In the interest of full disclosure about this exploit, according to Wired.com:
“The attackers pent [sic] a reasonable amount of time writing a reliable exploit, and a fairly customized payload, and it doesn’t allow them to download a backdoor or conduct any secondary activity,” says Tsrklevich, who reverse-engineered the Magneto code.
The malware also sends, at the same time, a serial number that likely ties the target to his or her visit to the hacked Freedom Hosting-hosted website.
In short, Magneto reads like the x86 machine code embodiment of a carefully crafted court order authorizing an agency to blindly trespass into the personal computers of a large number of people, but for the limited purpose of identifying them.
But plenty of questions remain. For one, now that there’s a sample of the code, will anti-virus companies start detecting it?

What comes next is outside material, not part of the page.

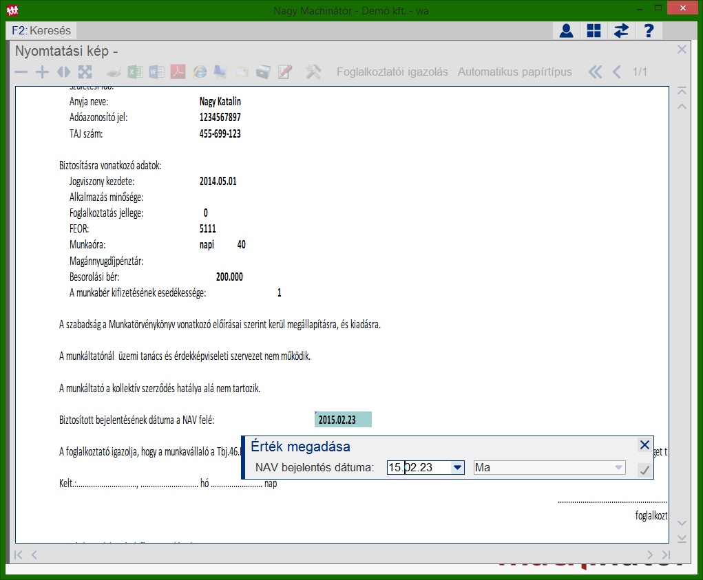 A listán a nyomtatási képen a "Biztosított bejelentése a NAV felé" mező értéke módosítható, a kis kék háromszögre kattintva beviteli mező nyílik meg, amelyben megadhatunk egy dátumot. Alapértelmezetten mindig a nyomtatás dátuma kerül megajánlásra.

Before anyone goes on a tear about Wired's speculation, imagine what would happen if the person writing the malware was not writing code which was not the "embodiment of a carefully crafted court order". In short, you'd be seriously hosed. Secondly, I would hope that we all can agree that catching people who traffic in or consume child pornography is the right thing to do.
So what are the takeaways from this?
- There is no shortcut to protecting yourself on the internet. If anyone actually reads this, and there are comments which recommend solutions - don't just start using them, do some research first!
- Understand the technology you are introducing into your lives - whether it's TOR, a cell phone or a smart tv.
- If you do decide to use TOR to access the secret sites it hosts, do your best to make sure you understand the organization hosting the site. Since everything is anonymous I have no idea how you would do that.
- Keep your anti-virus definitions up to date and make sure you are protected by a firewall
- Keep the applications on your computer up to date too
- It can't be stressed enough, do your research!